This view shows enzymes only for those organisms listed below, in the list of taxa known to possess the pathway. If an enzyme name is shown in bold, there is experimental evidence for this enzymatic activity.

Synonyms: dihydroxy-L-phenylalanine degradation

Superclasses: Degradation/Utilization/Assimilation Amino Acids Degradation

Some taxa known to possess this pathway include ? : Homo sapiens , Rattus norvegicus , Sus scrofa

Expected Taxonomic Range: Vertebrata

Summary:
General Background

The major pathway of L-dopa metabolism involves its role as a precursor metabolite in the biosynthesis of the catecholamines dopamine, (R)-noradrenaline and (R)-adrenaline (see pathway catecholamine biosynthesis). The pathway shown here is a relatively minor catabolic pathway for L-dopa that has been demonstrated in rat liver. It involves methylation of L-dopa to 3-O-methyldopa and final conversion to 3-methoxy-4-hydroxyphenyllactate (vanillactate) which is excreted in urine [Maeda76, Maeda78] . Early studies also described 3-O-methyldopa as a quantitatively minor precursor of L-dopa (not shown), although details of this O-demethylation reaction remain to be established and data suggested that it does not occur in liver ([Maeda76] and in [Goodwin78]).

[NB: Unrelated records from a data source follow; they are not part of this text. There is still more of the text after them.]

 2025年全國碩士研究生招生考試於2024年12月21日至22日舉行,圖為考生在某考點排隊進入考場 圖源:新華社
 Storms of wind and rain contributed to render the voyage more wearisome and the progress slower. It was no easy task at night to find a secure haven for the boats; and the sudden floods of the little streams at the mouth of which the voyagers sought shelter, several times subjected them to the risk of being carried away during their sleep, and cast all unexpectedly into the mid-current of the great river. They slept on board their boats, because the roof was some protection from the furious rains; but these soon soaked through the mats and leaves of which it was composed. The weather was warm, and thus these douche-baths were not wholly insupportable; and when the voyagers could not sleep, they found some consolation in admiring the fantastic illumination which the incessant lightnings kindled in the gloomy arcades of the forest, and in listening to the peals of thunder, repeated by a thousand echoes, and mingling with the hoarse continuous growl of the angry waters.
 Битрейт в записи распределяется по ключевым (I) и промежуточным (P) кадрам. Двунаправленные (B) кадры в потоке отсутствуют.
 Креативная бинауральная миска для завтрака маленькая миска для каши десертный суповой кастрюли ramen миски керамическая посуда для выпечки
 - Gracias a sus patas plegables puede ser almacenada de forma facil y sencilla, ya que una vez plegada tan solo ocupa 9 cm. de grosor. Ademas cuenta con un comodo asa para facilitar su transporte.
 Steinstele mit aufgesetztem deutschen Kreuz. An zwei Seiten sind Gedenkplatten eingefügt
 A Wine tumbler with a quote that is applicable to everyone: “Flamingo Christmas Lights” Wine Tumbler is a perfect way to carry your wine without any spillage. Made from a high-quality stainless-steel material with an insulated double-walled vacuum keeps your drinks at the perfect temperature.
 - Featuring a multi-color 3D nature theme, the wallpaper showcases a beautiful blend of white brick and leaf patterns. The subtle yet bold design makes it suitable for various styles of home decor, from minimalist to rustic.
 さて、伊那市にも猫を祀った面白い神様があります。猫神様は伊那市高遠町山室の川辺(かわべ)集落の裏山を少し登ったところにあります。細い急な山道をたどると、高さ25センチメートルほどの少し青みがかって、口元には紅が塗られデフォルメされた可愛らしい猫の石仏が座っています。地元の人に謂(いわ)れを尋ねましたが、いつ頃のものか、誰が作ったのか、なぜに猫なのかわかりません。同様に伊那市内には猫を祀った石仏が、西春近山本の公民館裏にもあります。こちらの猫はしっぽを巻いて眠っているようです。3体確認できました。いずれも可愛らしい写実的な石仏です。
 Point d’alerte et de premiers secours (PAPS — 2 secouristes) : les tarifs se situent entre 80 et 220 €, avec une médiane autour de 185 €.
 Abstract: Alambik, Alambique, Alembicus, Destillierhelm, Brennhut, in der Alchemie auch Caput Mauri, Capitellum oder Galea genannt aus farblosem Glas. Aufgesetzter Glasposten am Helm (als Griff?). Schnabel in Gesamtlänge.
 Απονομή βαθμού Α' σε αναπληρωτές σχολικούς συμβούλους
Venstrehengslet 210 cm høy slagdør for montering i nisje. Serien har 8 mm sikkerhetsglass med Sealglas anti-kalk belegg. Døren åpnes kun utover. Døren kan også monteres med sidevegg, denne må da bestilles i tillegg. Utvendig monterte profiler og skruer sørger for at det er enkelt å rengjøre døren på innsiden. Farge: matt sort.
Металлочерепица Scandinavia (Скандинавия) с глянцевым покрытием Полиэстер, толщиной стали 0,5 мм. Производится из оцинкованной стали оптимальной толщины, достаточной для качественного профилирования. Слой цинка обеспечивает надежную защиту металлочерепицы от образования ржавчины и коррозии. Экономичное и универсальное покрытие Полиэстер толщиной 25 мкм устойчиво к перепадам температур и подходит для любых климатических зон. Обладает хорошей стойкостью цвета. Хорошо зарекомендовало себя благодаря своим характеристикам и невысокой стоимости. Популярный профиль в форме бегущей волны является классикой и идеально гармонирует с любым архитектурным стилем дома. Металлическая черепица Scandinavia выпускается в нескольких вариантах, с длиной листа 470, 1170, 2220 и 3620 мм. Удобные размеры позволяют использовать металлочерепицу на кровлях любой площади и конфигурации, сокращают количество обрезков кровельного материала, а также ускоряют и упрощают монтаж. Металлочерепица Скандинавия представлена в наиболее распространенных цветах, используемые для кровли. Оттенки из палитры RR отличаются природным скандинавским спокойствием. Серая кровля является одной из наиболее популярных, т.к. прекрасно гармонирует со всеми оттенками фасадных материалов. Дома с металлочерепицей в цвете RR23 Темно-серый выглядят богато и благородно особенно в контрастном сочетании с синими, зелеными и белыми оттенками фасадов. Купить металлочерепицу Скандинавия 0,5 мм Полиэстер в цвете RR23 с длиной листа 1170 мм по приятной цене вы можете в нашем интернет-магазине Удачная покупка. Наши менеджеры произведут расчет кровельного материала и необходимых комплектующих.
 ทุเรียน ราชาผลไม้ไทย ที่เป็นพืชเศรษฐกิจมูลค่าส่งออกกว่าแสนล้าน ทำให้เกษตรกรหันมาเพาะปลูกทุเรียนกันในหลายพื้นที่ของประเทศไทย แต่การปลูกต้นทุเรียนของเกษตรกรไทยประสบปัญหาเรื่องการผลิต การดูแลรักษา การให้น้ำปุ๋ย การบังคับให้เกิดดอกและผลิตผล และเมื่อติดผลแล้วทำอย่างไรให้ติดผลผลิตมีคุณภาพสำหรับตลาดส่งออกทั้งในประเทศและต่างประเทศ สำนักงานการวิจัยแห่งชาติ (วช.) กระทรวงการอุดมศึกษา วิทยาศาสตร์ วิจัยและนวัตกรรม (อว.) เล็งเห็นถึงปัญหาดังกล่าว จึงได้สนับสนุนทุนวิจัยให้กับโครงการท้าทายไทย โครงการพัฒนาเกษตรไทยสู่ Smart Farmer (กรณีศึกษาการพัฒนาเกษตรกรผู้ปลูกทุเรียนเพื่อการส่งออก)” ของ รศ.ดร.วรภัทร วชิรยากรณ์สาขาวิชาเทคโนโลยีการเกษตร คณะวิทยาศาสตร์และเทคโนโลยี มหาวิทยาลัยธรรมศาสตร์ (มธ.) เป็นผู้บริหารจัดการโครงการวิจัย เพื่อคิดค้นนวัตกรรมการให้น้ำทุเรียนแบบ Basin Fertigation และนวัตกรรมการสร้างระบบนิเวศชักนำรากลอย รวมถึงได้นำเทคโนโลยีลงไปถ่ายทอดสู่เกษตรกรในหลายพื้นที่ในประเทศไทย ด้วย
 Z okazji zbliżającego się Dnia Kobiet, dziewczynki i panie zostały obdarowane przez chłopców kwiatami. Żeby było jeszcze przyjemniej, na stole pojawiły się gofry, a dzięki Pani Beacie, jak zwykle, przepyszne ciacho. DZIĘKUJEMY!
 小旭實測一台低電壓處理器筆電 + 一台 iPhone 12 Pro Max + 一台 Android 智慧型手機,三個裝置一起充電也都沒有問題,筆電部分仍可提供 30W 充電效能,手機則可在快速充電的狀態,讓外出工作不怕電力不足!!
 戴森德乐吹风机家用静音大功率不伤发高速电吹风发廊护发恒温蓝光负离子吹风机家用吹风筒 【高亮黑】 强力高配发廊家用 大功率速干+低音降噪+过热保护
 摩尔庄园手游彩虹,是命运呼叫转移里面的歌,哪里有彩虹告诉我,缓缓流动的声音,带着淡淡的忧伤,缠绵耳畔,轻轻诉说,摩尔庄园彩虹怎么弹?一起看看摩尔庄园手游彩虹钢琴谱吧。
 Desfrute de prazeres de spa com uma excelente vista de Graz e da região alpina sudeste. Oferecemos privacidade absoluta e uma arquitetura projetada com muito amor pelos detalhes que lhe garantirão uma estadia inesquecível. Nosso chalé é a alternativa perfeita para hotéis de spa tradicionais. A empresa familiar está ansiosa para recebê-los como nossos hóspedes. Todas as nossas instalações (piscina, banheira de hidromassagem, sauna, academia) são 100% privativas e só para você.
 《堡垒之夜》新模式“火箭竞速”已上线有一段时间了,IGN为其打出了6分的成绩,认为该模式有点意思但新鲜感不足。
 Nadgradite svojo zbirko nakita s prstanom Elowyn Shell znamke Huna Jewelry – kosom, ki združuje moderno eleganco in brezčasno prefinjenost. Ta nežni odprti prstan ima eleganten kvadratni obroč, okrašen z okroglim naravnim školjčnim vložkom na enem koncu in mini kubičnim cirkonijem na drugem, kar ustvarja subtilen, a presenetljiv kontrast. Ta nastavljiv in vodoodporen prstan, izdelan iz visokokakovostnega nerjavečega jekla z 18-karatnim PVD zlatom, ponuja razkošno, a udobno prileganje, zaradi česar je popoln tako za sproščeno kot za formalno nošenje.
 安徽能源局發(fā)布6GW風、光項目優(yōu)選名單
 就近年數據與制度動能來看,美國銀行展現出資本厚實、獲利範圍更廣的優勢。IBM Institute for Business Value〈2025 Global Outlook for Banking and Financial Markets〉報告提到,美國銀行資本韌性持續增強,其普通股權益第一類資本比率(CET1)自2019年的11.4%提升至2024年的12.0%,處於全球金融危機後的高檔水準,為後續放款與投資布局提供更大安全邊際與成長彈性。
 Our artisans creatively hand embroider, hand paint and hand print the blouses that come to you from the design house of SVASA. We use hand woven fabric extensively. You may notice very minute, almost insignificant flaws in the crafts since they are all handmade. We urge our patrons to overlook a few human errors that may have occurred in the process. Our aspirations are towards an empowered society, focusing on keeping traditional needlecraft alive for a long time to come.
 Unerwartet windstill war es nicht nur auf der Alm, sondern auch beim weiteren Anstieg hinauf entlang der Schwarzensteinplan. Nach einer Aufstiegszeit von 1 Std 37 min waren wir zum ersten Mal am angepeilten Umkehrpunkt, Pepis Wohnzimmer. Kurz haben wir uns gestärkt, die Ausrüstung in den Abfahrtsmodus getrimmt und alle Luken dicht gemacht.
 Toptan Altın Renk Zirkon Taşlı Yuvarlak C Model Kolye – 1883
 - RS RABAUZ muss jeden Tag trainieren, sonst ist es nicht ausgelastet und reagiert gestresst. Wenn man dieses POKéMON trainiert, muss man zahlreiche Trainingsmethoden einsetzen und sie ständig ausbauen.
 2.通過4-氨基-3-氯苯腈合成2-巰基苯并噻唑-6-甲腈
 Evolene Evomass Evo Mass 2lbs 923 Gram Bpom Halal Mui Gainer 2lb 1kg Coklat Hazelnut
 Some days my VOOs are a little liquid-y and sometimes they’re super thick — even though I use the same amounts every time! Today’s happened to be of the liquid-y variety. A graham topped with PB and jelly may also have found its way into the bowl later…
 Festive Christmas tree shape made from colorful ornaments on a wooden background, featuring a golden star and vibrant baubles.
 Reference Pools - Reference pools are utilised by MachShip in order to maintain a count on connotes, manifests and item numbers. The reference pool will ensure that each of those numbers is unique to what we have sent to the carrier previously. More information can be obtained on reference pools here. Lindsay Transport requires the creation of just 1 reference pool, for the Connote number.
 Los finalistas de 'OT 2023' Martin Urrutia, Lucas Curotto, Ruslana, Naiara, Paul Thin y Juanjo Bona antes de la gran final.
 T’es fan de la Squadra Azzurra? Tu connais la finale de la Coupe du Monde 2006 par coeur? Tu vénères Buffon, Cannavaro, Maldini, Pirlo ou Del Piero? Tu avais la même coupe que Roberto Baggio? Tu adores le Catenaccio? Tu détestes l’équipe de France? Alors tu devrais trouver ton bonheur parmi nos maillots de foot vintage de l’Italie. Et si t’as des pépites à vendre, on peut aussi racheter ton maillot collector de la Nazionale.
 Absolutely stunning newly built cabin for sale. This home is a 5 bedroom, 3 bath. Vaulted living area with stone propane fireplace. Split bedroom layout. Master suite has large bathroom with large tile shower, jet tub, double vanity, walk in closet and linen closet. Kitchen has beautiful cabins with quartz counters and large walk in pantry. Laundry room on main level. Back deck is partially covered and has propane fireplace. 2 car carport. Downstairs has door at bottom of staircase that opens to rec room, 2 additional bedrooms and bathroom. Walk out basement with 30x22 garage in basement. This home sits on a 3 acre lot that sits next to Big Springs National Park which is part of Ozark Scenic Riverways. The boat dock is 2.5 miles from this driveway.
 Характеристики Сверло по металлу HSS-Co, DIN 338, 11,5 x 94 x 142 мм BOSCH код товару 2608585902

L-dopa is used as a pro-drug for dopamine in the therapy of central nervous system disorders such as Parkinson's disease because dopamine cannot cross the blood-brain barrier. Because L-dopa is decarboxylated to dopamine in peripheral tissues by aromatic L-amino acid decarboxylase (dopa decarboxylase) and can also be methylated to 3-O-methyldopa by catechol-O-methyltransferase, combination therapies with L-dopa and inhibitors of these enzymes are used (reviewed in [Hauser09, Bonifacio07, Allen09]).

About This Pathway

The degradation of L-dopa has been studied in rat liver homogenates [Maeda76]] and in a rat liver mitochondrial fraction [Maeda78]. Urinary metabolites have been analyzed after L-dopa administration to rats [Goodwin78]. The catabolism of L-dopa is initiated by catechol O-methyltransferase EC 2.1.1.6 which methylates L-dopa in a S-adenosyl-L-methionine-dependent reaction. The 3-O-methyldopa formed is transaminated to 3-methoxy-4-hydroxyphenylpyruvate (vanilpyruvate). The identity of the transaminase was suggested to be tyrosine aminotransferase EC 2.6.1.5 [Maeda76], although this remains to be confirmed. Unlike L-dopa, 3-O-methyldopa is not easily decarboxylated, so the equilibrium is shifted to 3-methoxy-4-hydroxyphenylpyruvate formation [Maeda78]. 3-methoxy-4-hydroxyphenylpyruvate undergoes NADH-dependent reduction to 3-methoxy-4-hydroxyphenyllactate (vanillactate) predominantly by aromatic α-keto acid reductase, and also by lactate dehydrogenase [Maeda78].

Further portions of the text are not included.